For a full head-to-head breakdown of both markets, including the rent-to-price ratio comparison and a side-by-side investor profile analysis, see the Phoenix vs Las Vegas real estate comparison for 2026.

What the Data Shows About Las Vegas in 2026

Las Vegas scores 44 out of 100 on PropertyIQ. The score reflects a market with a strong long-term track record that is currently working through a combination of demand weakness, inventory growth, and an affordability gap that makes it harder for local buyers to absorb available supply at current prices.

The five-year appreciation figure of +35.75% is real. The in-migration story from California is real. The Zillow near-term forecast of +1.6% is real. None of those numbers are fabricated or optimistic spin. They belong in any honest accounting of the Las Vegas market.

The demand score of 2.68, the 64.7% overvaluation reading, the 23% inventory growth, and the 5.2% unemployment rate also belong in any honest accounting. The market has risk. The score at 44 quantifies where those two sets of facts currently balance out.

Las Vegas real estate market 2026 is a market for patient investors with longer hold horizons, not for buyers expecting near-term appreciation. The in-migration story and the five-year track record suggest Las Vegas has the fundamental demand drivers to recover.

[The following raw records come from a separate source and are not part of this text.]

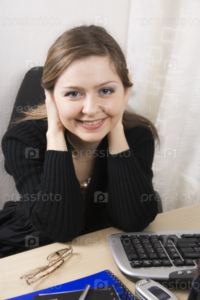 Улыбающаяся деловая женщина сидит за рабочим столом
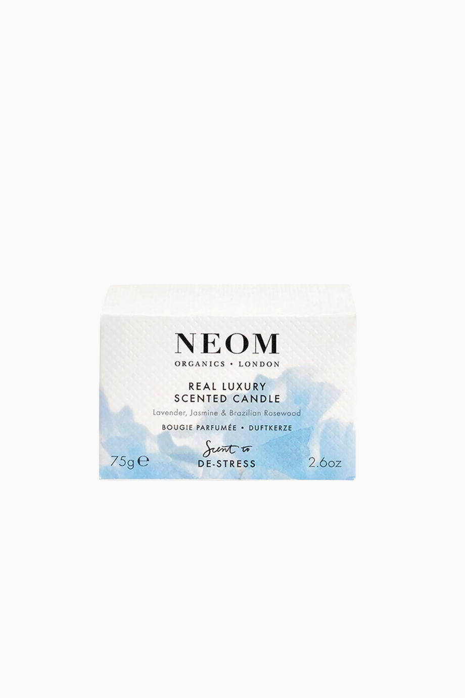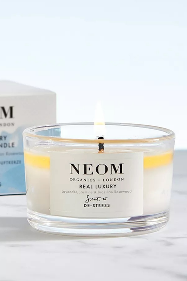 Neom Organics Real Luxury Scented Candle 75g, lavanta, Brezilya gül ağacı ve yasemin notalarıyla hazırlanmış, 20 saat yanma süresine sahip, tek fitilli ve %100 doğal mumdan üretilmiş lüks bir rahatlatıcı mumdur.
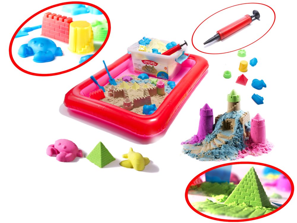 The set also includes an inflatable sandbox measuring 56 x 40 cm, which is a great addition to playing with kinetic sand.
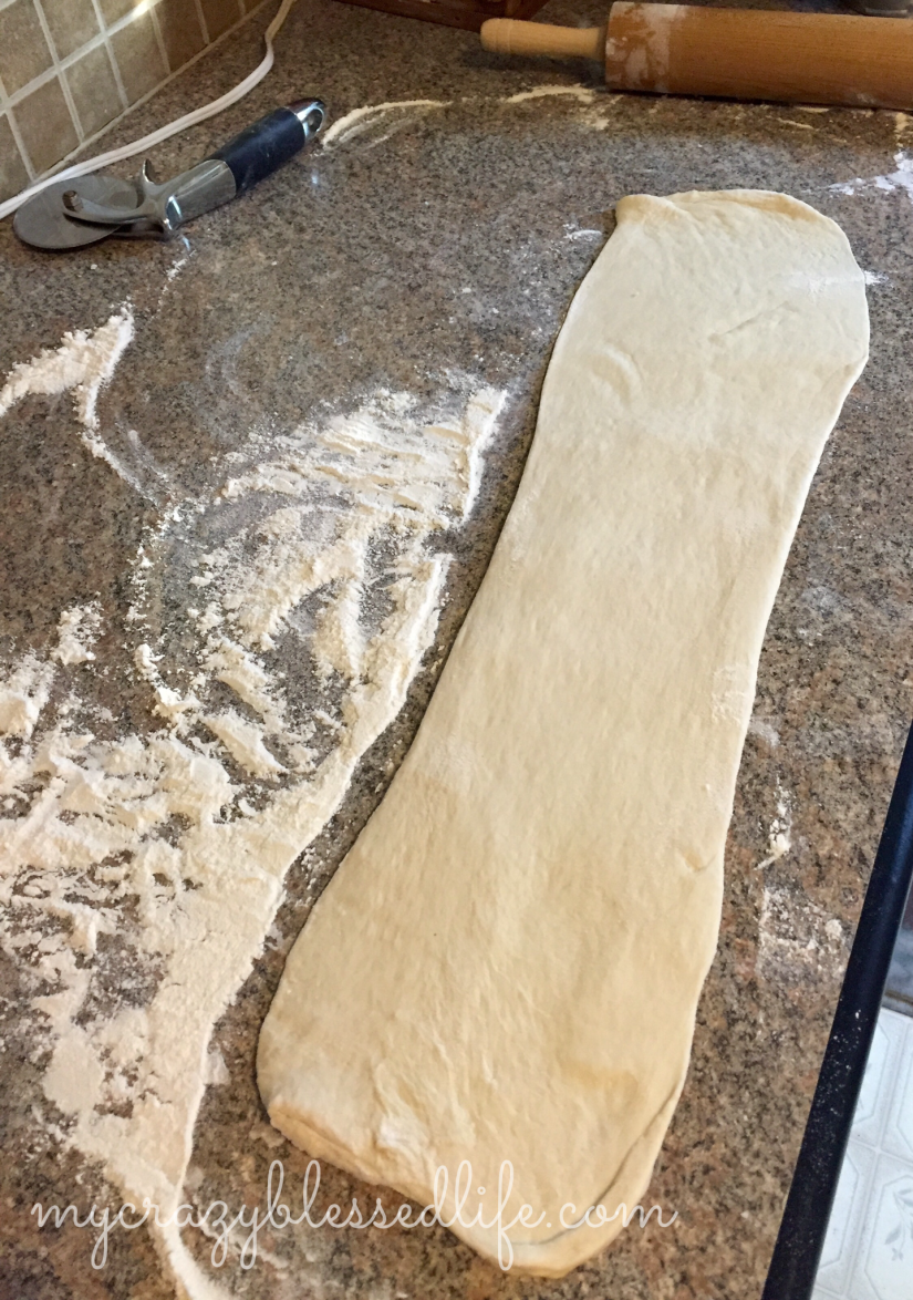 Roll out your pizza dough into a long skinny rectangle.

The current data suggests that recovery is not yet underway in a way that moves the needle on the score.

When the demand score begins to recover from 2.68, when inventory growth slows, and when price cuts begin to thin out, the PropertyIQ Score will reflect it. That is the signal investors should watch.

PropertyIQ score as of February 28, 2026. Listing and inventory data as of February 1, 2026. Zillow home value data as of January 31, 2026. Forecast data as of December 31, 2025. Economic data as of December 2025. Census data as of 2023. All data provided for informational purposes only and should not be the sole basis for investment decisions.